## DATASET EXTRACT
━━━━

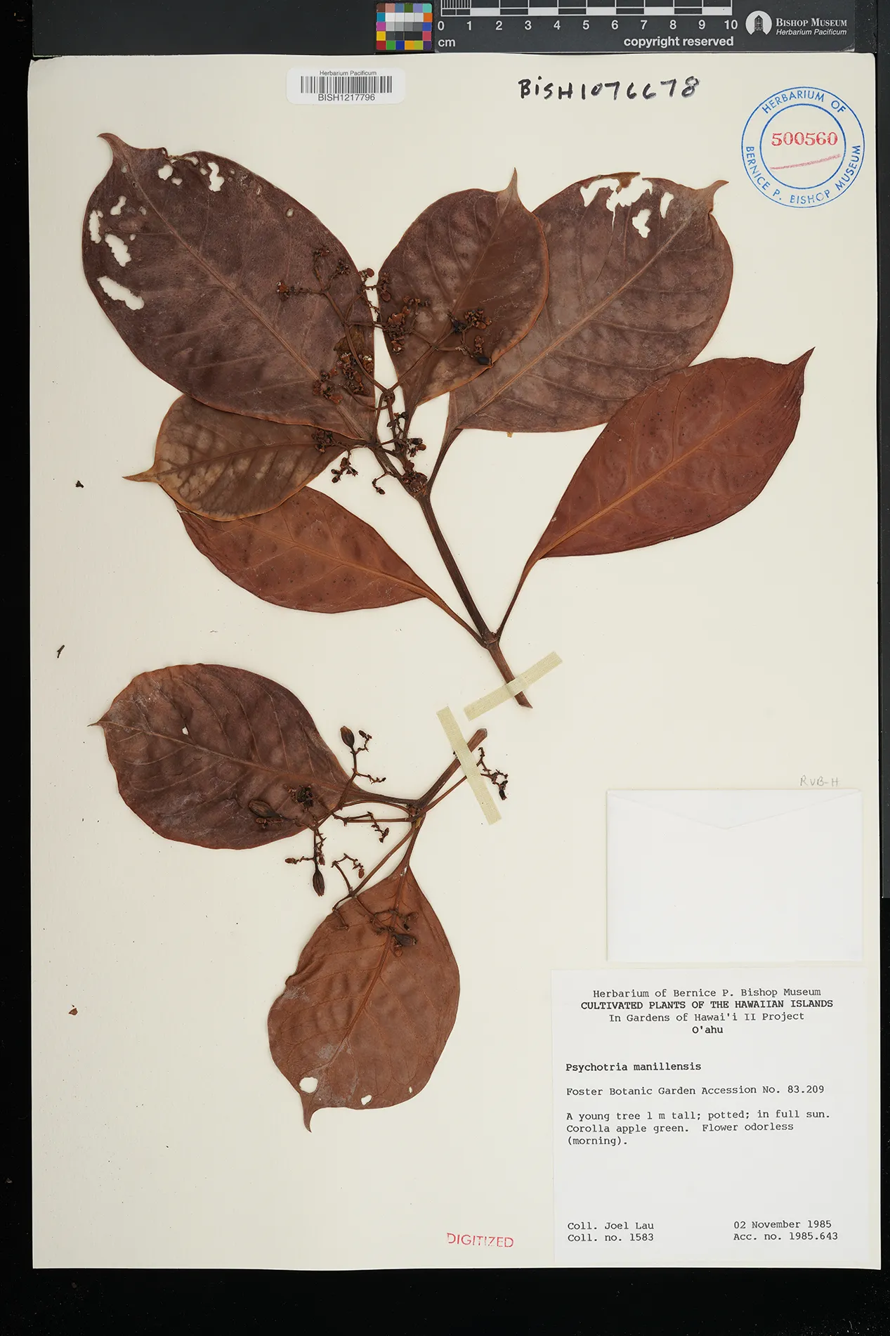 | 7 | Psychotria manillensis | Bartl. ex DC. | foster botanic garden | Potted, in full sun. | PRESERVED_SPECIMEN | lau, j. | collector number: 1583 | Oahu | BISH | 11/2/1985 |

━━━━

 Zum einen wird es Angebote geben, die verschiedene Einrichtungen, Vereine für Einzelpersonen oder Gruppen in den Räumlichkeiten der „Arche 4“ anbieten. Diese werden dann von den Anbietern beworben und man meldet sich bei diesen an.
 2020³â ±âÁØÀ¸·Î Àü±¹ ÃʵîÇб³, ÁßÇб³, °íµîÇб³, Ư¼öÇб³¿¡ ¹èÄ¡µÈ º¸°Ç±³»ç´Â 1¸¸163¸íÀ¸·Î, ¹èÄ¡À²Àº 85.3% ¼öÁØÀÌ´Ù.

━━━━

## YOUR ASSIGNMENT
Look above for the line holding "Zum einen wird", then set down exactly that line and every line after it up to and including the line holding "2020³â ±âÁØÀ¸·Î Àü±¹", with nothing else.

## EXERCISE RESPONSE
 Zum einen wird es Angebote geben, die verschiedene Einrichtungen, Vereine für Einzelpersonen oder Gruppen in den Räumlichkeiten der „Arche 4“ anbieten. Diese werden dann von den Anbietern beworben und man meldet sich bei diesen an.
 2020³â ±âÁØÀ¸·Î Àü±¹ ÃʵîÇб³, ÁßÇб³, °íµîÇб³, Ư¼öÇб³¿¡ ¹èÄ¡µÈ º¸°Ç±³»ç´Â 1¸¸163¸íÀ¸·Î, ¹èÄ¡À²Àº 85.3% ¼öÁØÀÌ´Ù.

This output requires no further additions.